Using a Raspberry Pi as your main desktop computer

I have been using a Raspberry Pi as my main computer since they released the 3 B version (about 4 years?), and it occured to me that most people buy laptops for 1000 USD (instead of go stones!), so I thought I would share this life hack with you.

Because people like to blitz-read, I will just make some bullet lists with facts and snarky opinions:

Pros:

  • It is fairly cheap. A Raspberry Pi 4 with 8 GB RAM, which is the fastest variant, is about 100 USD.
  • You run Linux or *BSD on it.
  • It is expendable.
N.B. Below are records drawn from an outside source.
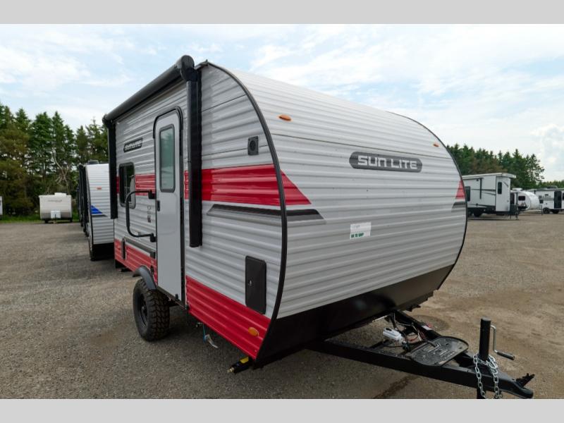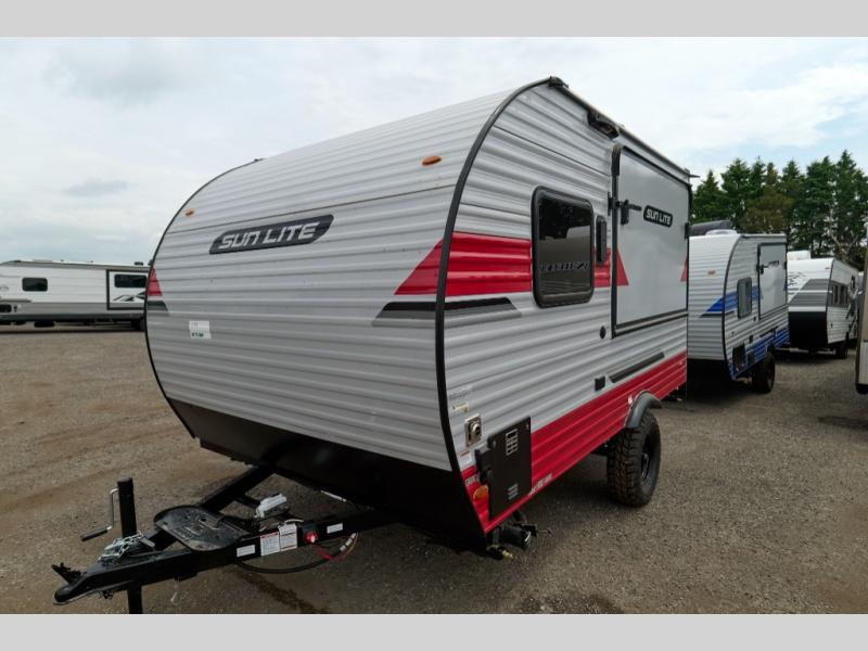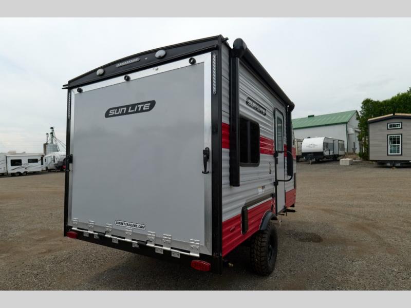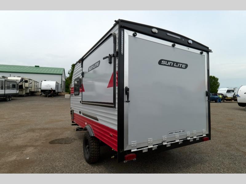 You can trust the build and enjoy your experience with any one of these Sunset Park RV Sun Lite travel trailers or toy haulers! Their aerodynamic profile is not only easy to haul, but also saves on fuel. They are built to withstand years of traveling even though they are lightweight with a diamond plate rock guard, a one piece PVC roof membrane, Dexter Spring-Leaf axles, and tinted safety glass windows. Some comfort standards you are sure to enjoy are the two-burner stove top range with hood, light and fan, plus the refrigerator and microwave, and an outside shower to help keep the dirt outdoors where it belongs.
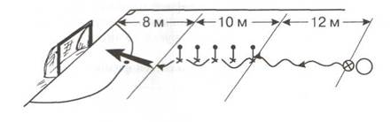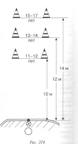 Рис. 276 5. Удар ногой по неподвижному мячу в цель, число попаданий. определенном расстоянии от 6-метровой отметки для отдельных возрастных групп) обозначаются два круга - А и Б (рис. 276). Их диаметр -2 м. В середине прямой, соединяющей центр каждого круга с 6-метровой отметкой, устанавливается стойка высотой 1 м. Испытуемый выполняет по 3 удара правой и левой ногой по неподвижному мячу в тот и другой круг. Мяч устанавливается на 6-метровой отметке. Таким образом, испытуемый выполняет 6 ударов. Попадание засчитывается, если мяч, пролетев над стойкой, опустился в круг или коснулся его линии. Учитывается общее число попаданий. 6. Комплексный тест (ведение мяча, обводка стоек и удар в ворота), с.
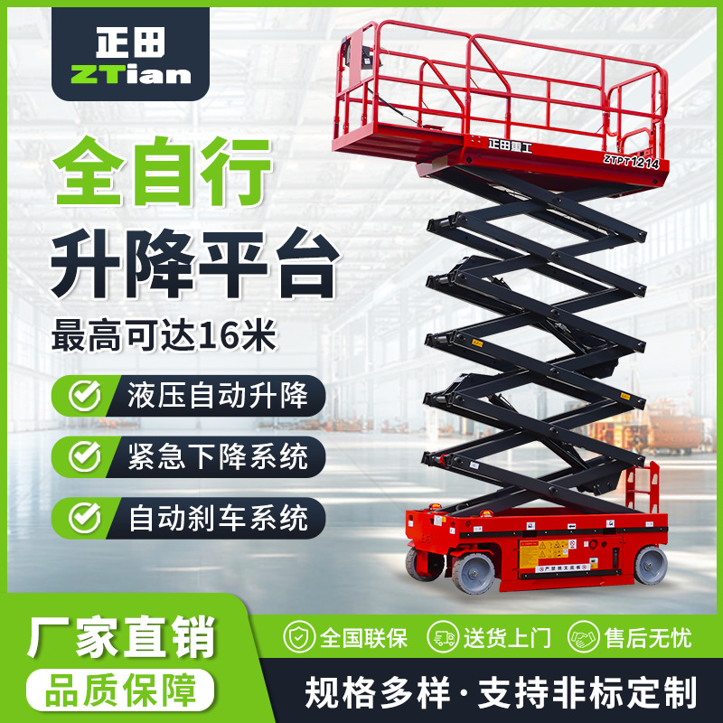 全自走式シザーリフト 12mリフト 財産メンテナンス工場建設 移動式高所作業車 10m

When it breaks, you buy a new chip and plug it in.
  • You can plug in a powered USB hub into it, and plug external harddrives into it, because you probably don’t want your gigabytes of data on the SD card. (I have been doing this for years, yes there is some latency because it’s USB, but the bottleneck is usually not your USB transfer speed.)
  • Pretty much anything with USB works, but some things will draw too much power, requiring a powered USB hub.
  • You can even install things like the PostgreSQL server on it and use the SD card as your RDBMS storage. (There is, of course, no reason why this wouldn’t work, but I am still a little surprised that it works so well.)
  • Try the FLIRC case, which is a huge heatsink connected to the CPU for passive cooling (it even cools the RPI 4 at constant maximum load).
  • It is much easier to set up than you think. In most cases you just write an aarch64 image to an SD card, insert it and power it on.
  • My first Raspberry isn’t even broken yet, despite being used daily for many years. I thought it would break fast so I got 2 identical chips, but I haven’t had to replace it yet and the spare chip is just gathering dust.

Cons:

  • It is actually a lie that you only need the chip. You also need a screen (HDMI or micro-HDMI; you can use a converter if you have a VGA screen), a keyboard, a mouse, speakers, a microphone, and a case. The screen is the most expensive component.
  • But I like that you plug everything into it, so when something breaks, you throw it away and plug in something else. It is not like a laptop which is hopeless to fix.
  • It will not run extremely heavy programs. I think you can forget about it if you need to run 10 Java backends, CAD or an Android emulator. Your relatively modern laptop will be significantly faster.
  • But you can run most things. In my opinion most people will be happy as long as they have a web browser. You can certainly get into Facebook or whatever anti-social media you are into.
  • Some operating systems do not fully support the Pi, such as OpenBSD. If I remember correctly, OpenBSD supports the Beaglebone, but I never bothered with it because of the UFS/ext4 mismatch.
  • I am not sure that all hardware will actually work, but my hardware happens to work.
  • When I say “easy”, I might be lying a little bit, because I have been programming in a dozen different languages since childhood. Still, I think you can do it if you can use a search engine and follow instructions.
  • If you want full disk encryption on your SD card, then it’s not easy anymore. Even I think it’s a pain in the ass to set up.
  • When I say “relatively fast”, I might also be lying, because it’s not slow when I only run a terminal in the TWM window manager and a web browser.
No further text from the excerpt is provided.